THE PEOPLE, PLAINTIFF AND RESPONDENT,
v.
JUAN NELSON, DEFENDANT AND APPELLANT.



(Super. Ct. No. 11F04485)

The opinion of the court was delivered by: Hull , Acting P. J.

P. v. Nelson CA3

NOT TO BE PUBLISHED

California Rules of Court, rule 8.1115(a), prohibits courts and parties from citing or relying on opinions not certified for publication or ordered published, except as specified by rule 8.1115(b). This opinion has not been certified for publication or ordered published for purposes of rule 8.1115.

Defendant Juan Nelson pleaded no contest to felony vandalism (Pen. Code, § 594; statutory references that follow are to the Penal Code unless otherwise indicated) and admitted a strike allegation for a prior criminal threats (§ 422) conviction (§§ 667, subds. (a)-(i), 1170.12, 1192.7, subd. (c)). The trial court sentenced defendant to a stipulated two-year eight-month state prison term, imposed various fines and fees, and awarded 174 days of presentence credit (116 actual and 58 conduct).

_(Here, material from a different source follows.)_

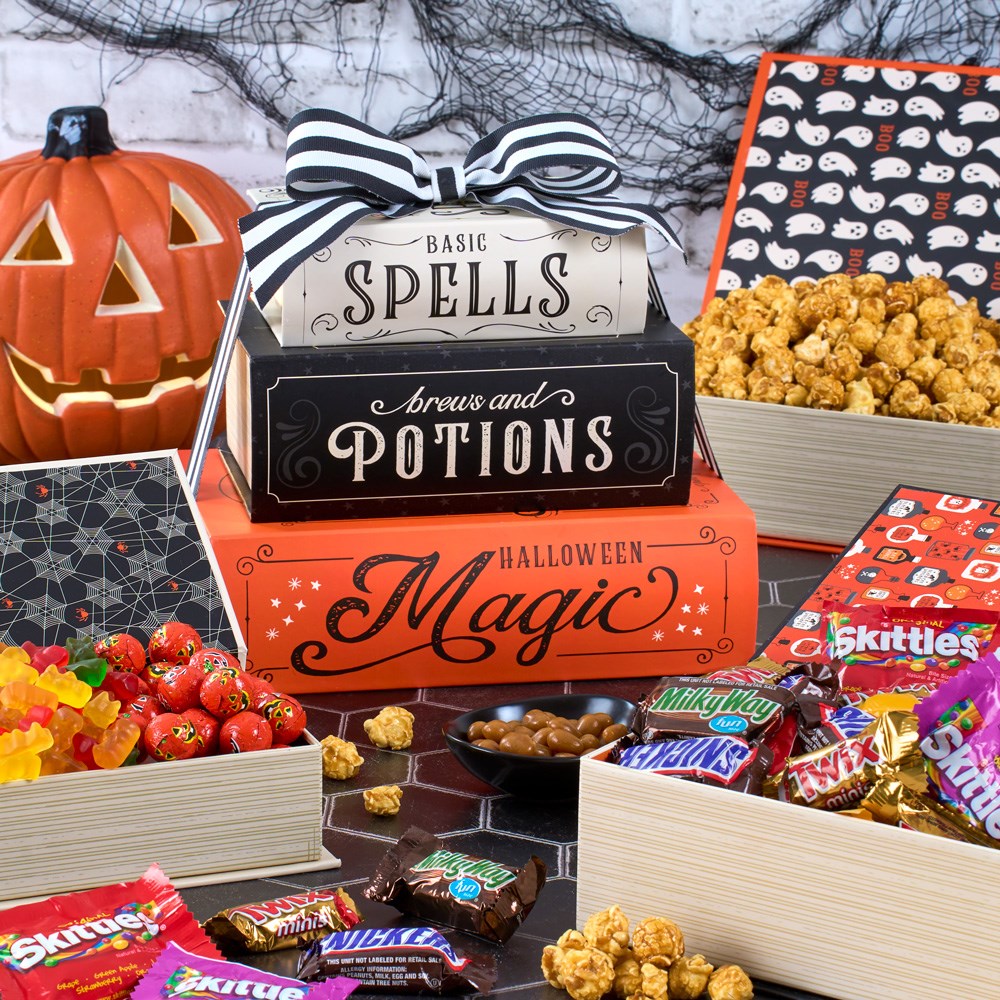 Embrace the spooky spirit of Halloween with our Open if You Dare Tower, an exciting gift packed with a selection of delicious, festive treats. This themed tower is designed to thrill and delight, perfect for Halloween parties, trick-or-treat surprises, or as a special gift for those who love the spooky season. The tower is stacked with multiple levels, each containing a different variety of snacks and candies, including classic Halloween flavors, spooky gummies, and delicious chocolates. Opening each layer reveals a new surprise, making it an interactive and fun experience for kids and adults alike.

On appeal, defendant contends that the prospective application of the Criminal Justice Realignment Act of 2011 (Realignment Act) (Stats. 2011, ch. 15) violates his right to equal protection of the law and there was insufficient evidence to support a finding that he could pay the booking and classification fees (Gov. Code, § 29550.2). We affirm the judgment.

DISCUSSION

We need not set forth the facts of defendant's crime because they are not relevant to the issues he raised on appeal.

I Conduct Credits

Defendant committed his crime on June 20, 2011. He was sentenced on October 14, 2011.

The trial court sentenced defendant under the September 28, 2010, revision of the presentence credit law. Under that version, a defendant with a current or prior serious or violent felony conviction was entitled to two days of conduct credit for every four days of presentence custody. (Former §§ 2933, 4019.) Defendant admitted to a strike allegation based on a prior conviction for criminal threats, a serious felony. (§ 1192.7, subd. (c)(38).)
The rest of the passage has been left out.